▸ **WHAT THE EXERCISE ASKS**:
Which lines run from the one containing "le gars est" through the end of the data? Write them out exactly, with the pictures left out.

Extracted records:

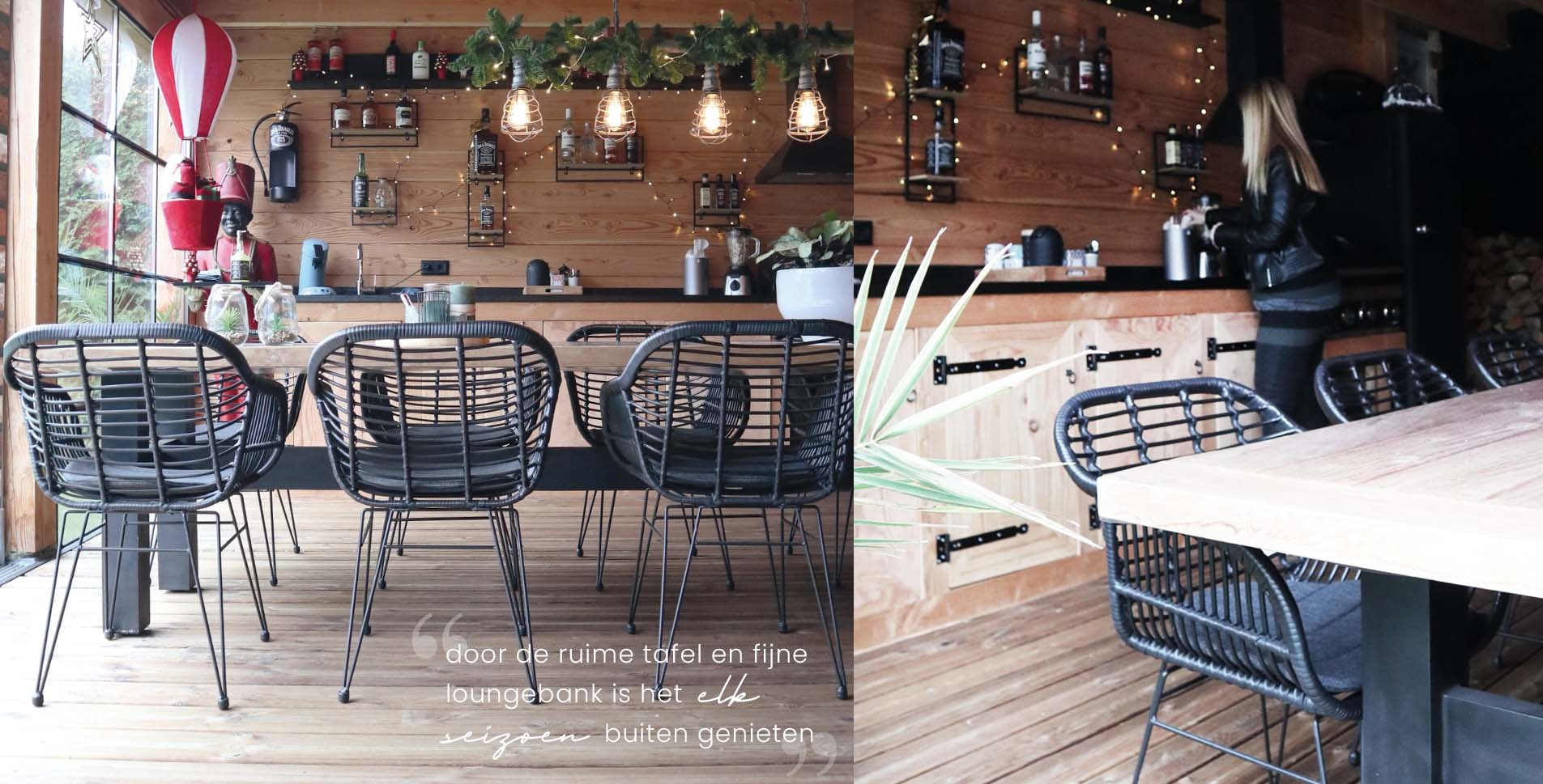 Stijlvolle tuinmeubelen mochten zeker niet ontbreken in de tuin en onder de overkapping. Marlies zou haar stijl als modern en landelijk omschrijven. Een prachtige lange tafel van 3 meter met trendy tuinstoelen, biedt voldoende zitplekken voor maar liefst 8 personen. Bij het uitzoeken van de loungeset was het een must dat er een hoge tafel aangeschoven kon worden, waardoor ze er ook aan kunnen dineren.
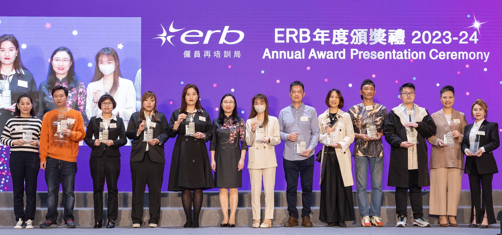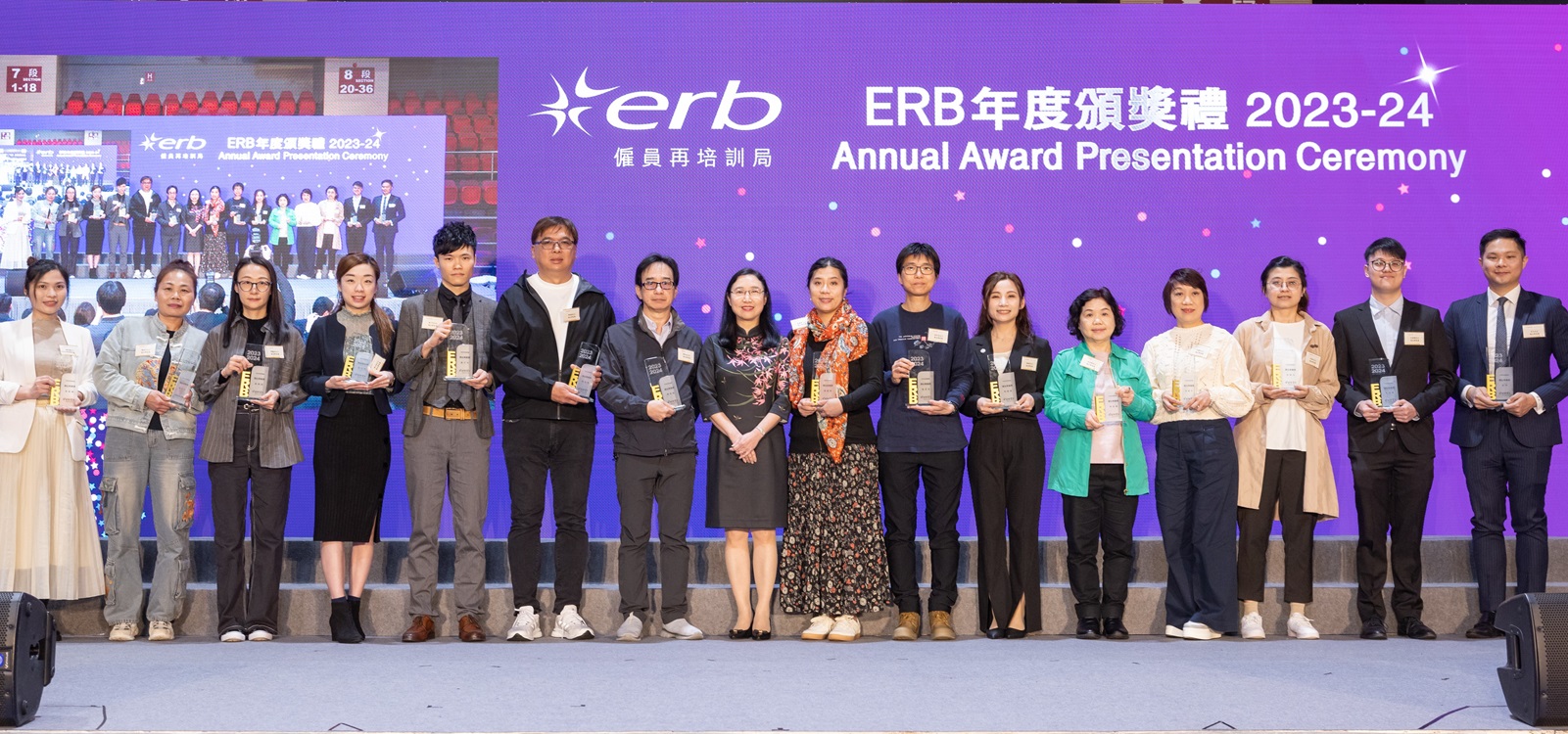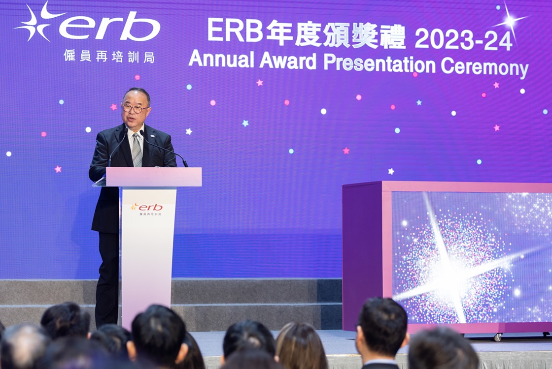 僱員再培訓局(再培訓局)今天(2024年3月19日)在旺角麥花臣場館舉行「ERB年度頒獎禮2023-24」,由勞工及福利局常任秘書長劉焱女士, JP、副局長何啟明先生, JP、勞工處處長陳穎韶女士, JP,聯同再培訓局主席余鵬春先生, GBS, JP、副主席黃傑龍教授, BBS,JP及行政總監吳國强先生, BBS共同主禮,頒發逾百個獎項,表揚學員奮發自強,積極參與技能培訓,提升就業競爭力,以及各界伙伴協力推動再培訓工作,為各行各業培育人才。
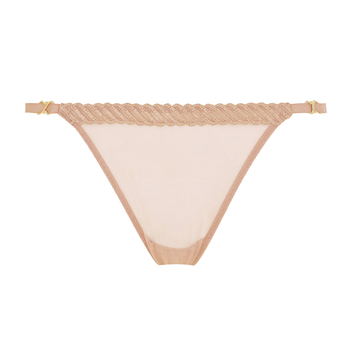 Труси-бікіні із середньо-заниженою посадкою, виконані із прозорого переробленого тюлю та прикрашені по краях вишуканою атласною вишивкою. Модель відрізняється максимально відкритими бічними панелями на еластичних бретелях, доповнених позолоченими декоративними елементами із замаку, що надають образу чуттєвості та витонченості.
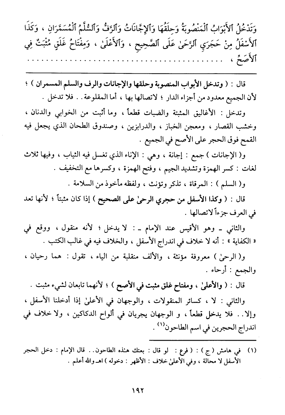 وتدخل: الأغاليق المثبتة والضبات قطعًا، وما أثبت من الخوابي والدنان، وخشب القصار، ومعجن الخباز، والدرابزين، وصندوق الطحان الذي يجعل فيه القمح فوق الحجر على الأصح في الجميع.
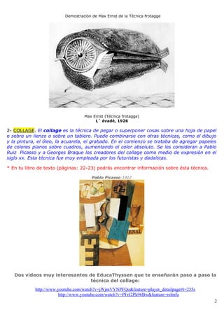El documento describe diferentes técnicas para crear texturas en arte, incluyendo frottage, collage, esgrafiado, estarcido, estampación, monotipo y pintura flotante. Explica cómo cada técnica se puede usar con diferentes materiales como lápices, ceras, pintura y plantillas para lograr efectos de textura únicos. Alienta al lector a experimentar con estas técnicas y crear una colección de muestras de textura sobre papel.
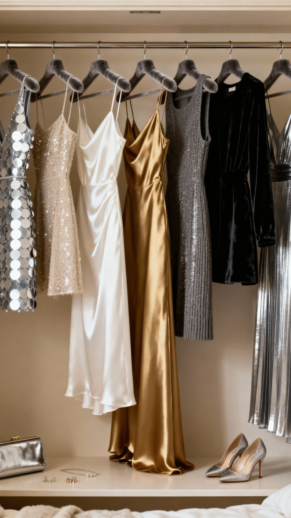 Wear: satin minis, slip dresses, sequin tops with tailored pants, soft metallics.
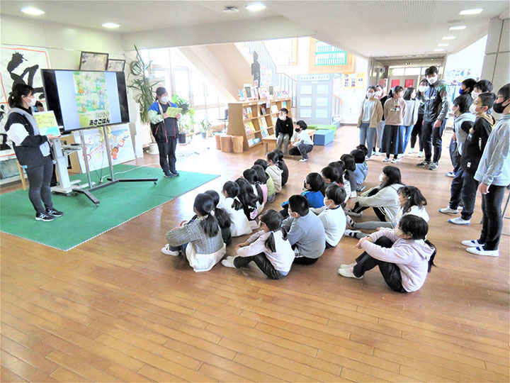 聞き手のみんなは笑顔やアイコンタクトのエンカレッジメントで盛り上げます。社会科や家庭科と連携した紹介も見られました。
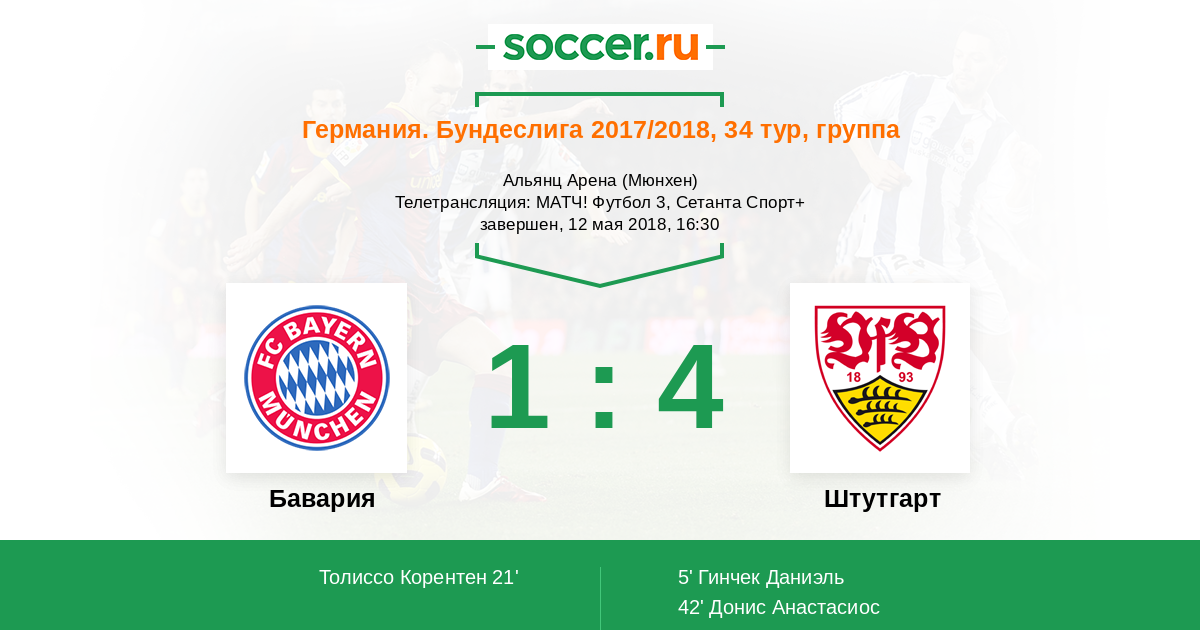 Потрясающий матч получился в Мюнхене! "Бавария" не смогла завершить чемпионат викторией на домашней арене. "Штутгарт" же заработал важнейшие три очка и поднялся на седьмое место в таблице. Получается, что в случае победы мюнхенцев в финале Кубка Германии подопечные Тайфуна Коркута отправятся в Лигу Европы. Вот такие повороты судьбы в Бундеслиге. До новых встреч, друзья!
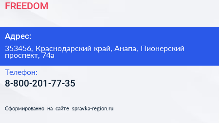 FREEDOM по адресу 353456, Краснодарский край, Анапа, Пионерский проспект, 74а в дальнейшем Организация, размещена в следующих категориях:
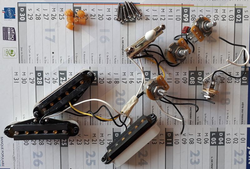 le gars est cool et ses kits sont complets : fil, 3 pot, sélectreur 5 pos, orange cap etc... il y a même du rab en visserie... 👍
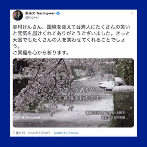 折しも、台湾(中華民国)の蔡英文総統が、ツイッターで志村けんさんを悼むツイートをしたばかり。
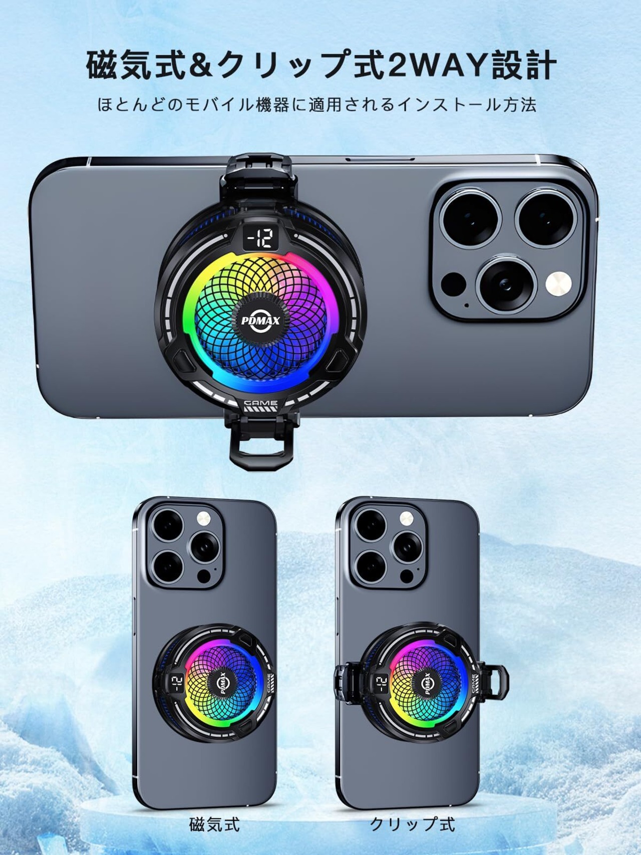 【超薄型スマホクーラー】AI知能温控で急速冷却!スマホ冷却ファン 磁吸式/クリップ式対応 1分間で氷点下!スマホの熱暴走をストップ : ゲームや長時間使用でスマホ冷却が必須のあなたへ。スマホクーラーは、スマホ冷却ファンの常識を覆す薄型設計と驚異の冷却性能を実現。iPhone 冷却はもちろん、Android/Switch/iPad/switch 2 冷却ファンまで幅広く対応します!
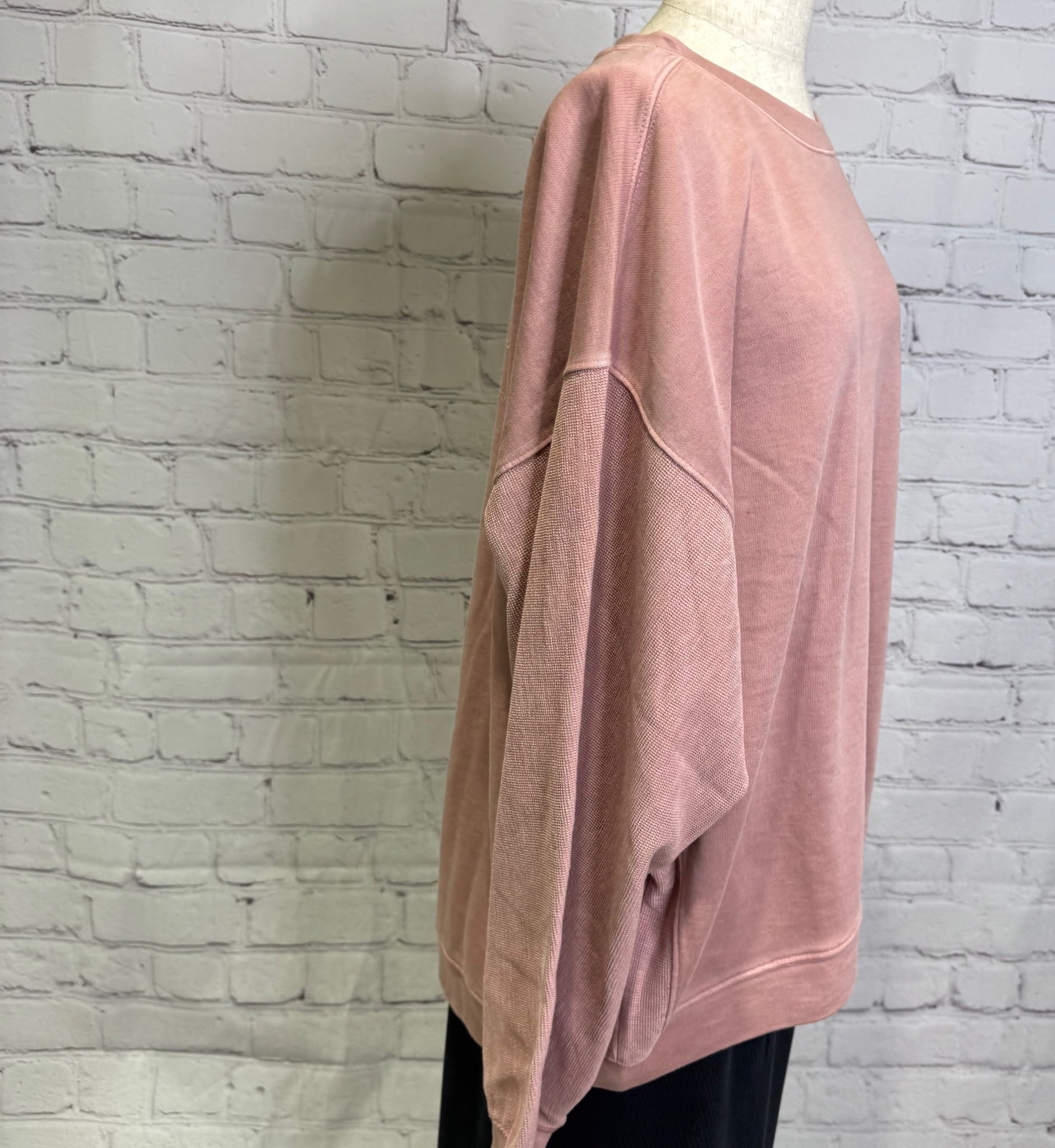 ラグラン袖でゆったり着心地のよいプルオーバーです。バックスタイルのロゴとお袖の切替がポイント!くすみカラーが大人可愛い♡ お家で洗えます。

▸ **YOUR RESPONSE**:
 le gars est cool et ses kits sont complets : fil, 3 pot, sélectreur 5 pos, orange cap etc... il y a même du rab en visserie... 👍
 折しも、台湾(中華民国)の蔡英文総統が、ツイッターで志村けんさんを悼むツイートをしたばかり。
 【超薄型スマホクーラー】AI知能温控で急速冷却!スマホ冷却ファン 磁吸式/クリップ式対応 1分間で氷点下!スマホの熱暴走をストップ : ゲームや長時間使用でスマホ冷却が必須のあなたへ。スマホクーラーは、スマホ冷却ファンの常識を覆す薄型設計と驚異の冷却性能を実現。iPhone 冷却はもちろん、Android/Switch/iPad/switch 2 冷却ファンまで幅広く対応します!
 ラグラン袖でゆったり着心地のよいプルオーバーです。バックスタイルのロゴとお袖の切替がポイント!くすみカラーが大人可愛い♡ お家で洗えます。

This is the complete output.